Message-Id: <199906160906.CAA03110@geneva.acs.uci.edu>
To: www-validator@w3.org
Date: Wed, 16 Jun 1999 02:06:03 -0700
From: Earl Hood <ehood@hydra.acs.uci.edu>
Subject: WWW-Validator Bug (response to private mail on other topic)

On June 15, 1999 at 23:57, someone wrote:

> Wow, I would have never thought to question their
> validator.

Not your fault.

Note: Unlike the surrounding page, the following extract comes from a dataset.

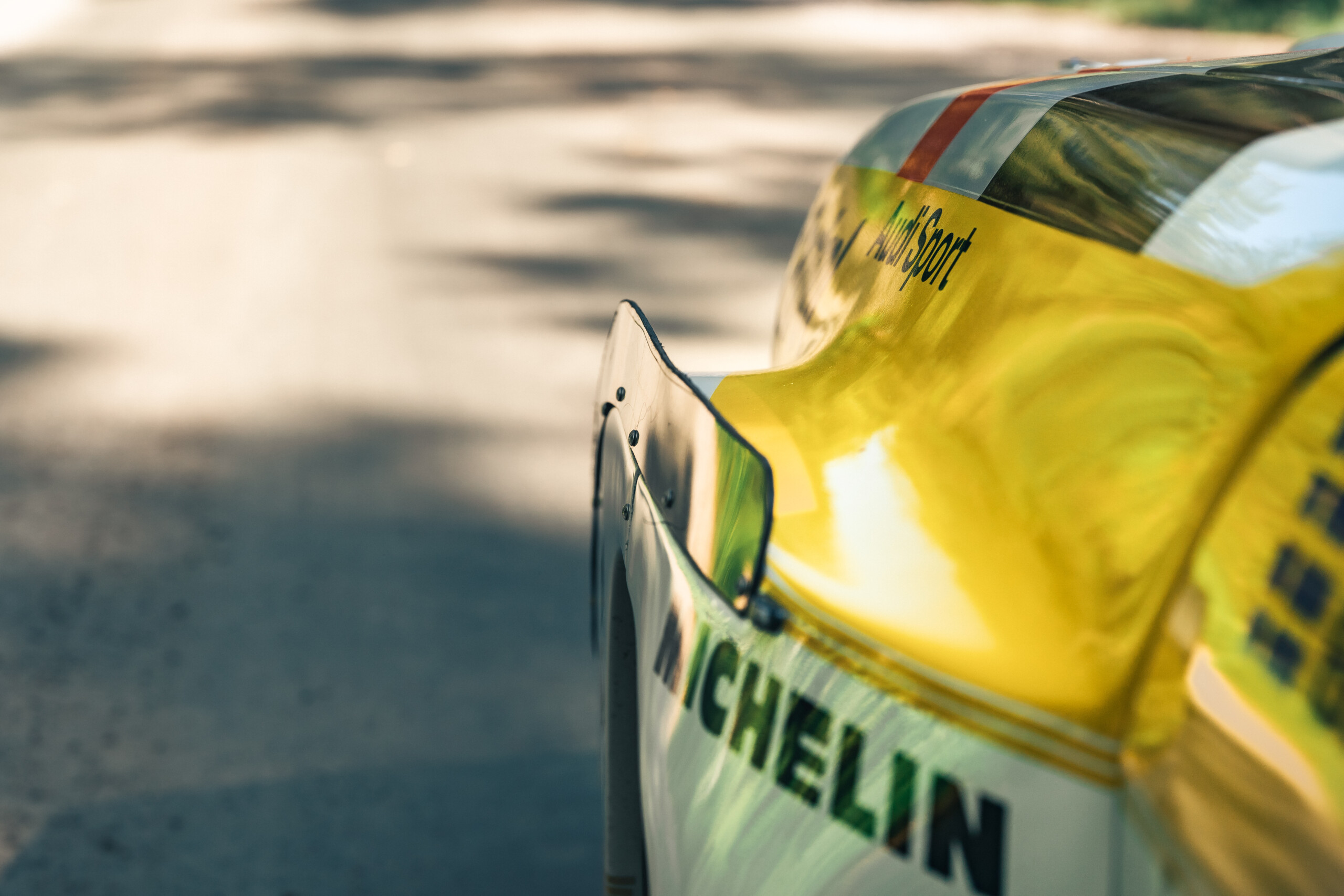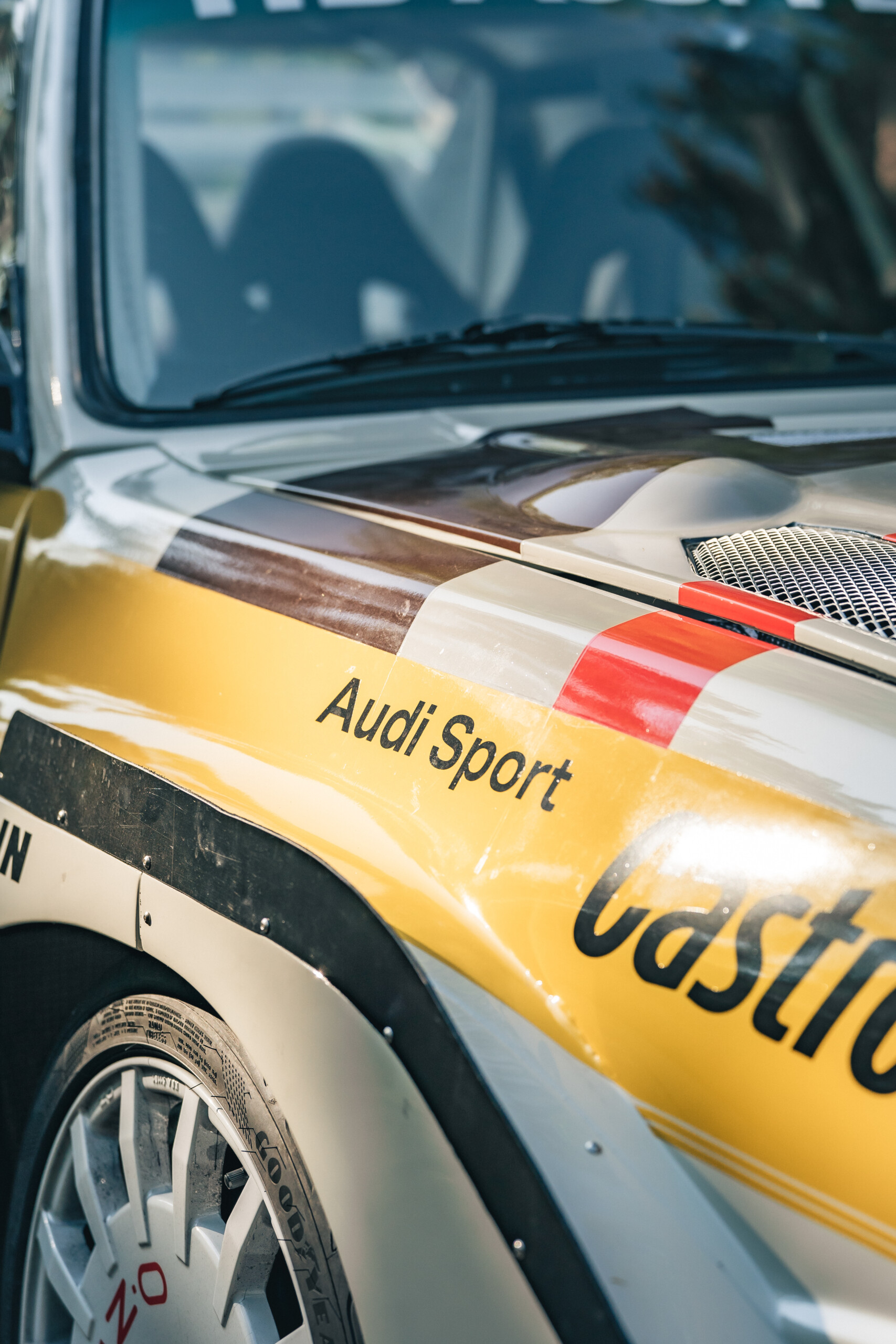 The body and wheelbase of the Sport Quattro were shortened by 32 cm over the rear side windows, and the steeper windshield angle was borrowed from the Audi 80. Large parts of the car were built using Kevlar and aluminum to save weight.

You either need a background in SGML or read
the HTML 4.0 spec very carefully.

I just checked the source (cgi-bin/check) of their validator, and I
spot their error.  The bug is in the check_for_doctype() function.  The
check for a doctype declaration is not robust enough to deal with
leading comment declarations that could contain "tag" like data.  They
have the following statement:

	last if ( $line =~ /<[a-z]/i );		 # found an element

However, it does not take in account that it could be inside
of a comment declaration.

Dealing with comment declarations can be ugly since the program reads
the data into an array instead of keeping it in a single scalar string
(I'm unclear why the document is split into an array).  If the data is
passed in as a single string, a comment stripping regex:

	s/<!--([^-]|-[^-])*--\s*>//go;

Could first be applied before checking for a doctype declaration.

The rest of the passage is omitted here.